LUNA founder Do Kwon bets $10 million on price one year from now

Key Factors

The largest dangers to Terram and the place its worth might be in a single yr
Why LUNA isn’t competing towards Ethereum
Can 20% yield final on Anchor, and is it secure to make use of as your checking account?

The Guess

Crypto is usually a weird place. I don’t know of another business the place billionaires reply to nameless Twitter customers goading them into multi-million greenback bets.

However that’s precisely what we noticed final week, as “Sensei Algod”, an nameless Twitter account describing himself as a “semi-retired degen, now investing” referred to as out to Twitter enquiring if anybody would wager a million {dollars} that LUNA can be buying and selling at a cheaper price in a yr.

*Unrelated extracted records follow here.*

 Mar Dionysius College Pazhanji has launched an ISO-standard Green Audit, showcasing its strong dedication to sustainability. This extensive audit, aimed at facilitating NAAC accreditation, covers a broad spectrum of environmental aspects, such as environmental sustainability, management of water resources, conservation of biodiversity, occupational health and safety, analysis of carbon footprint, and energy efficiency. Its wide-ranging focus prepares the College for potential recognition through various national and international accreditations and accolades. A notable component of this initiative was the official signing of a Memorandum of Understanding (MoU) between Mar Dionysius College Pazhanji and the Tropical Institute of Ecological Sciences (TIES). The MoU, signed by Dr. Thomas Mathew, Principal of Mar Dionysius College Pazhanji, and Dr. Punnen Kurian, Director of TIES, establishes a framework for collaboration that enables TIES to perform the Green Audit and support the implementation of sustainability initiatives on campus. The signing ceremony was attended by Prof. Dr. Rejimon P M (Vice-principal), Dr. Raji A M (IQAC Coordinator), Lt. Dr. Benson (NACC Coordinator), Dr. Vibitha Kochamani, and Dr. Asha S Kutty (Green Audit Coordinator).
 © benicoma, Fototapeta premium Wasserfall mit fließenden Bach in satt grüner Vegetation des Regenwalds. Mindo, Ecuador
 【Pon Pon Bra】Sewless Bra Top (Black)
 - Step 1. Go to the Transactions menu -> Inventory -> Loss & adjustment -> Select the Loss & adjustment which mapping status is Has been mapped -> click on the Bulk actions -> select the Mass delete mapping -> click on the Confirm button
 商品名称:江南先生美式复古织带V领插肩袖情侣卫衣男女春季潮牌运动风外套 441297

The stakes then elevated. Fellow anon account @GiganticRebirth waded in. This man describes himself as a “retired dealer” and “2024 Presidential candidate”. Has Donald Trump managed to anonymously creep his manner again onto Twitter? Or possibly it’s a Kanye West burner account – he nonetheless intends to run in 2024, proper? Whoever he’s, he upped the stakes to $10 million {dollars}.

Subsequent to enter the fray was the massive canine himself, Terra founder Do Kwon. The multi-billionaire is commonly susceptible to taking the bait on Twitter, passionately defending the Terra ecosystem towards critics.  

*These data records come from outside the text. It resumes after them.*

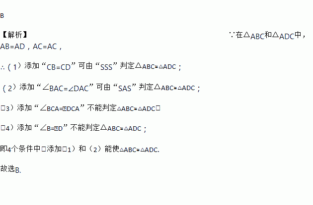 若再添一个条件后,能使△ABC≌△ADC的共有( )
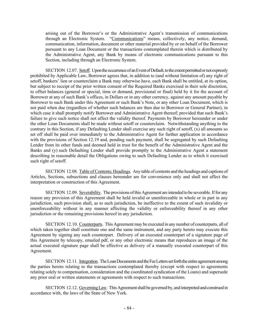 - 84 - arising out of the Borrower’s or the Administrative Agent’s transmission of communications through an Electronic System. “Communications” means, collectively, any notice, demand, communication, information, document or other material provided by or on behalf of the Borrower pursuant to any Loan Document or the transactions contemplated therein which is distributed by the Administrative Agent, any Bank by means of electronic communications pursuant to this Section, including through an Electronic System. SECTION 12.07. Setoff. Upon the occurrence of an Event of Default, to the extent permitted or not expressly prohibited by Applicable Law, Borrower agrees that, in addition to (and without limitation of) any right of setoff, bankers’ lien or counterclaim a Bank may otherwise have, each Bank shall be entitled, at its option, but subject to receipt of the prior written consent of the Required Banks exercised in their sole discretion, to offset balances (general or special, time or demand, provisional or final) held by it for the account of Borrower at any of such Bank’s offices, in Dollars or in any other currency, against any amount payable by Borrower to such Bank under this Agreement or such Bank’s Note, or any other Loan Document, which is not paid when due (regardless of whether such balances are then due to Borrower or General Partner), in which case it shall promptly notify Borrower and Administrative Agent thereof; provided that such Bank’s failure to give such notice shall not affect the validity thereof. Payments by Borrower hereunder or under the other Loan Documents shall be made without setoff or counterclaim. Notwithstanding anything to the contrary in this Section, if any Defaulting Lender shall exercise any such right of setoff, (x) all amounts so set off shall be paid over immediately to the Administrative Agent for further application in accordance with the provisions of Section 12.19 and, pending such payment, shall be segregated by such Defaulting Lender from its other funds and deemed held in trust for the benefit of the Administrative Agent and the Banks and (y) such Defaulting Lender shall provide promptly to the Administrative Agent a statement describing in reasonable detail the Obligations owing to such Defaulting Lender as to which it exercised such right of setoff. SECTION 12.08. Table of Contents; Headings. Any table of contents and the headings and captions of Articles, Sections, subsections and clauses hereunder are for convenience only and shall not affect the interpretation or construction of this Agreement. SECTION 12.09. Severability. The provisions of this Agreement are intended to be severable. If for any reason any provision of this Agreement shall be held invalid or unenforceable in whole or in part in any jurisdiction, such provision shall, as to such jurisdiction, be ineffective to the extent of such invalidity or unenforceability without in any manner affecting the validity or enforceability thereof in any other jurisdiction or the remaining provisions hereof in any jurisdiction. SECTION 12.10. Counterparts. This Agreement may be executed in any number of counterparts, all of which taken together shall constitute one and the same instrument, and any party hereto may execute this Agreement by signing any such counterpart. Delivery of an executed counterpart of a signature page of this Agreement by telecopy, emailed pdf, or any other electronic means that reproduces an image of the actual executed signature page shall be effective as delivery of a manually executed counterpart of this Agreement. SECTION 12.11. Integration. The Loan Documents and the Fee Letters set forth the entire agreement among the parties hereto relating to the transactions contemplated thereby (except with respect to agreements relating solely to compensation, consideration and the coordinated syndication of the Loans) and supersede any prior oral or written statements or agreements with respect to such transactions. SECTION 12.12. Governing Law. This Agreement shall be governed by, and interpreted and construed in accordance with, the laws of the State of New York.
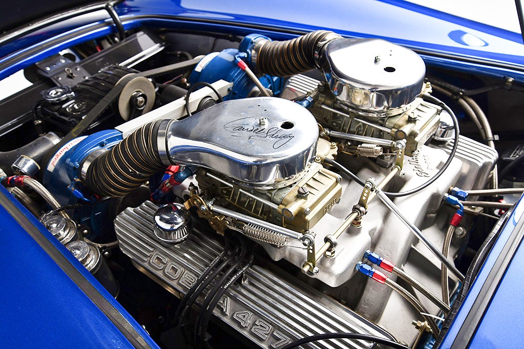 So, what exactly is under the hood of this Cobra? Well, to start, it’s not your run-of-the-mill Ford 427 V8. It was reworked for use as a competition motor, as this car started life as an all-out race car. It actually toured England as a Competition model for promotional events before being sent back to the States where it was converted to a street-legal car. Carroll’s friend Stan Mullin owned a Ferrari at the time and Shelby wanted a car that could absolutely leave Mullin’s car in the dust, so he apparently had his buddy Joe Granatelli at Paxton Superchargers send over a pair of superchargers for the car. You read that correctly, a pair!
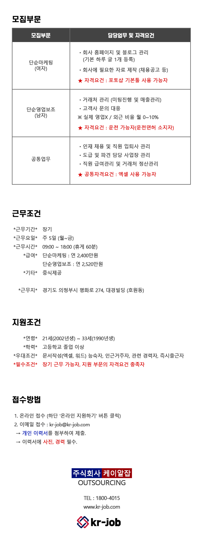 [Á¤±ÔÁ÷ä¿ë/ÀÇÁ¤ºÎ] Àâ¸Å´ÏÀú & ´Ü¼ø¸¶ÄÉÆÃ & ¿µ¾÷º¸Á¶ ´ã´çÀÚ Ã¤¿ë
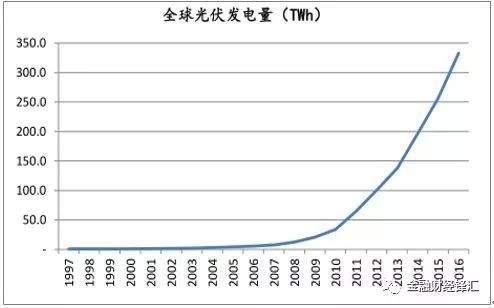 新能源發(fā)電的快速崛起,與世界各國日益重視環(huán)境保護,倡導節(jié)能減排密切相關。風電、光伏作為最為清潔的能源,受到全球青睞,各國紛紛出臺了鼓勵新能源發(fā)展的措施,促進了風電、光伏等新能源的發(fā)展。同時,由于技術的進步,新能源發(fā)電的成本也快速下降,是其崛起的另一重要推動力。從1997年-2016年這二十年間,全球新能源發(fā)展迅猛。風電裝機從7.64GW增長到468.99GW,光伏裝機從0.23GW增長到301.47GW,分別增長了60倍和1284倍。風電,光伏發(fā)電量快速增長,分別從1997年的12TWh、0.8TWh增長到2016年的959.5TWh、331.1TWh,風電發(fā)電量增長了79倍,光伏發(fā)電量增長了439倍,已經(jīng)成為電力供應中不可忽視的電源。
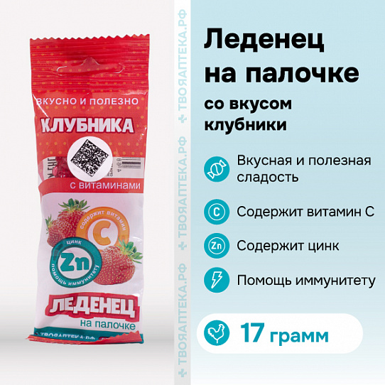 Карамель Петушок леденцовая Цинк и Витамин С клубника 17 г БАД
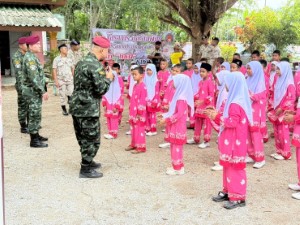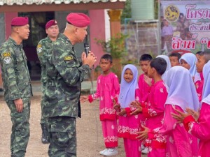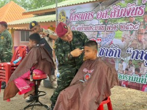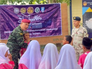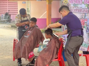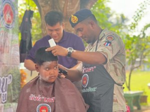 The Peacekeeping Task Force, led by Unit 302 in collaboration with Unit 331 (Southern Relations Task Force) and the 5th District Volunteer Defense Company of Raman, organized the “Volunteer Bond – Singha Kesa & Cha Chak Kabu” activity under the project “White Ministry of Interior – Creating Safe Zones and Ending Drug Abuse.” The event took place at Ban Pong Ta School, Village No. 5, Bu Mang Subdistrict, Raman District, Yala Province. Its goal was to promote knowledge and build resilience among students, especially regarding traffic signs—an essential foundation for safe daily living. The event also promoted student discipline by providing free haircuts for male students in accordance with school regulations. This not only helped reduce financial burdens for families but also instilled confidence and discipline in the students.

And identical to that, girls and gents, we had ourselves a wager. It’s superb what a couple of large egos can accomplish when within the public eye, isn’t it?

Luna – One Yr Forecast

So, who’s going to win? The place does LUNA commerce at, let’s say, St Patrick’s Day 2023?

Let’s take a dive into LUNA and take a look at verify which facet will come out on high. In the event you disagree with me, you possibly can name me out on Twitter and I’ll put my cash the place my mouth is (though, let’s decrease the stakes from $10 million to $10).

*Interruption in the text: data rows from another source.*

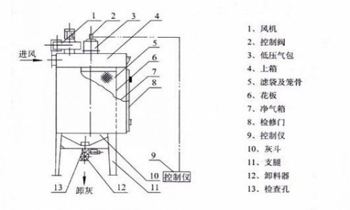 含塵氣體由上部進風口斜插進入中箱體,通過慣性碰撞,較粗顆粒粉塵在自重力作用下,直接沉落至灰斗中,并經卸灰機構將粉塵從出灰口排出。另一部分較細粉塵在風機的作用下,吸附在濾袋外表面,潔凈氣體穿過濾袋進入中箱體凈氣箱,并流經矩形誘導管匯集在出風箱內從風機出口排出。隨著過濾工況的不斷進行,除塵器阻力應維持在限定的范圍(<12KPa)內,故必須進行清灰來達到抖落粉塵,降低設備阻力的目的。該系統除塵器是采用脈沖控制儀定時控制低壓脈沖閥進行噴吹清灰的方法,使濾袋在其噴吹及誘導氣量的作用下,造成布袋瞬間鼓脹,抖落粉塵。
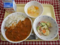 ハッシュドポークライス ポテトサラダ フルーツポンチ 牛乳ハッシュドポークライス...
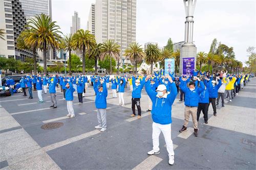 上午九点十分,法轮功学员首先集体炼功。祥和的炼功场面吸引人们驻足观看,有的民众称赞法轮功的炼功场面非常平和,他们喜欢法轮功真、善、忍的原则。
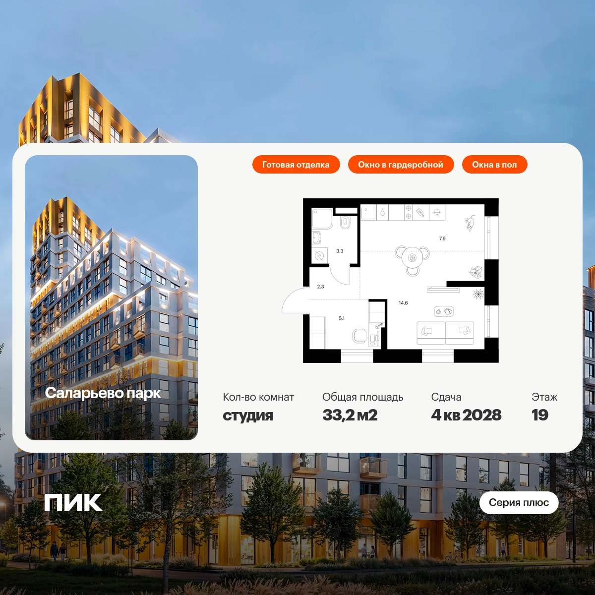 В «Серию плюс» входят жилые кварталы с повышенным уровнем комфорта и уникальной архитектурой. У квартир умные планировки: можно выбрать квартиру с мастер-спальней, где есть отдельная ванная комната, с просторной кухней-гостиной, с двумя санузлами, с гардеробной или постирочной. В светлых уютных лобби с дизайнерской отделкой предусмотрены колясочная и гостевой санузел.
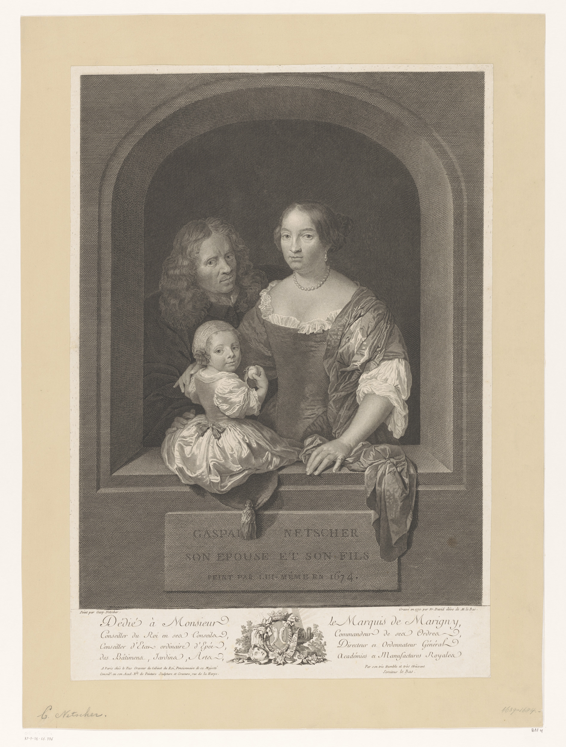 Caspar Netscher met zijn vrouw en zoon in een open raam
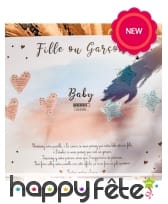Le panneau de 56 x 43 cm et comporte les inscriptions dorées "Fille ou Garçon ?", ainsi que le mot "Baby" au centre.

The fundamentals, tremendous fast: LUNA is the token upon which the Terra ecosystem runs. Terra’s worth is derived from a collection of stablecoins, probably the most distinguished of which is UST. As UST demand rises, Luna is burnt, and as UST demand falls, LUNA is minted. In such a manner, the peg is maintained – a fairly neat algorithmic mechanism that works off the rules of arbitrage.

The underside line that we have to perceive right here is that the LUNA worth depends on UST adoption. As extra UST is demanded, LUNA is burnt and the worth will rise.

Whole Worth Locked

Trying on the DeFi panorama, there’s a complete of $206 billion in complete worth locked (TVL). Terra captures 12.3% of this, with $25 billion in TVL. Thus, behind solely the dominant Ethereum (55% share of TVL at $114 billion), Terra sits because the second largest DeFi platform by TVL.

Knowledge by way of Defi Llama

Ethereum’s issues want no introduction. Out in the true world, individuals are shocked at fuel costs following the Russian invasion provide shock. After all, if anybody has transacted on Ethereum earlier than, these real-world fuel costs nonetheless appear low-cost in comparison with on the blockchain.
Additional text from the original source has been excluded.